Show that cosh(x) = 1 => x = 0

I am only allowed to use the definition of cosh, the algebraic rules for the exponential function, that exp(x2)>exp(x1) for x2 > x1, and the fact that we have defined it with the requirement:

exp(x) ≥ 1 + x

The exp(x) term of course is not trouble.

What I lack prooving is that:
exp(x) > 1 - x

Any ideas how I might approach it? I don't need answers, just hints

2. Feb 14, 2013

### CompuChip

If x > 0, then 2x > 0 so 1 + x > 1 + x - 2x.
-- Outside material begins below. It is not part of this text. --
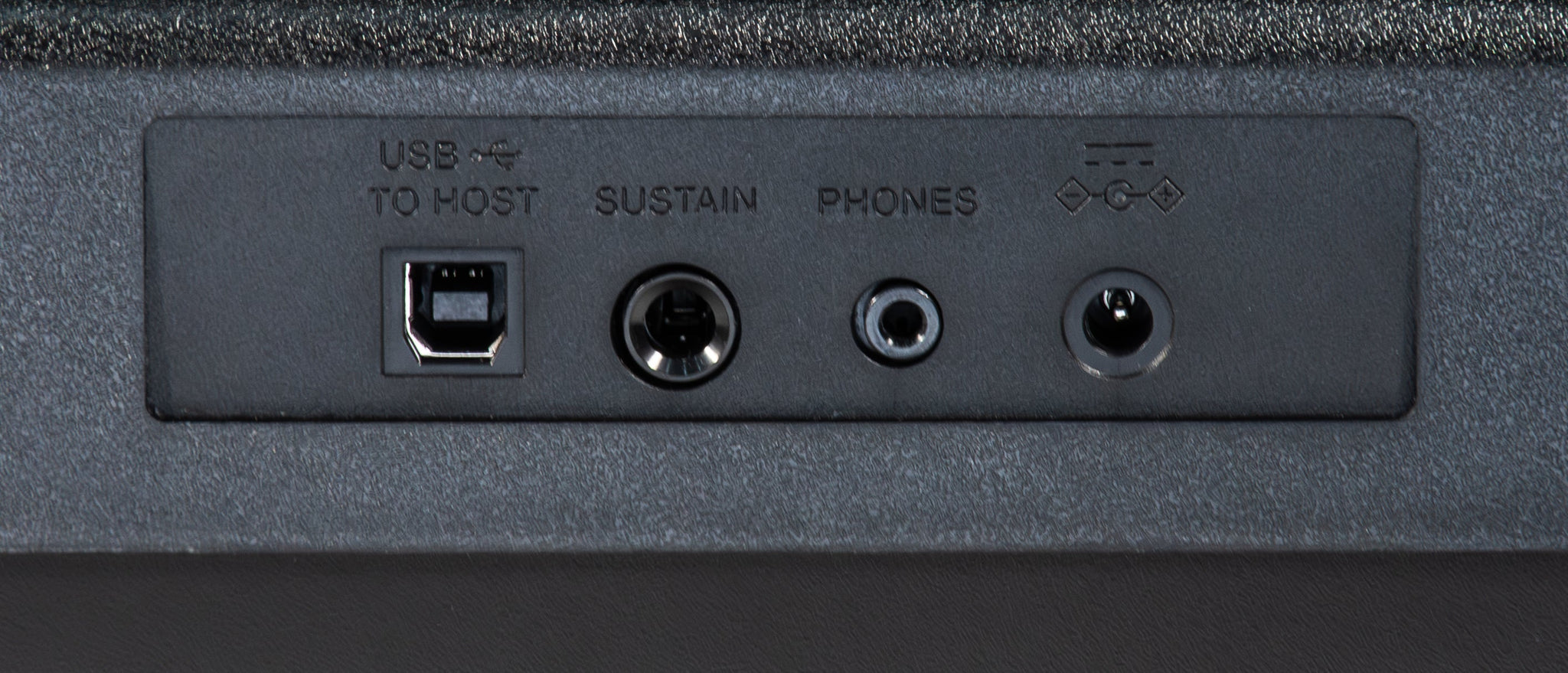 - Connections: USB-B to host, Sustain, Headphone output, Power input

If x < 0, then it's not true (exp goes to 0 while 1 - x goes to infinity for $x \to -\infty$).

3. Feb 14, 2013

### aaaa202

oh sorry I can see I made a fatal error.
I meant i need to show:
exp(-x) > 1 - x

4. Feb 14, 2013

### Staff: Mentor

A quick sketch of the graphs of y = e-x and y = 1 - x shows that e-x ≥ 1 - x for all real x, and that we get equality at only one value of x.
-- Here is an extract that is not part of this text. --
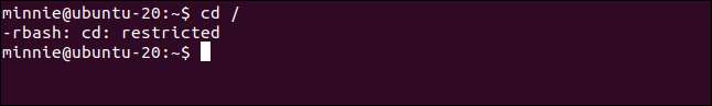 Minnie가 로그인하면 그녀는 제한된 쉘에서 실행됩니다.

Assuming you can use techniques of calculus, let f(x) = e-x - (1 - x), and find the minimum value and where it occurs.

5. Feb 14, 2013

### aaaa202

I know calculus but this is an analysis course, where it has not yet been introduced. Thus I am to find another way of proving it.

6. Feb 14, 2013

### Staff: Mentor

Really? Are you saying that you haven't learned differentiation, and you're in an analysis course?

7. Feb 14, 2013

### aaaa202

I'm talking a rigorous analysis course where everything is built up slowly. So far we have covered continuity and the properties of limits. I know differential calculus, but I am not allowed to use it for this handout.

8. Feb 14, 2013

### vela

Staff Emeritus
If you know that $e^x \ge 1+x$ for all $x$, you can plug anything you want in for $x$. In particular, you can plug in $-x$.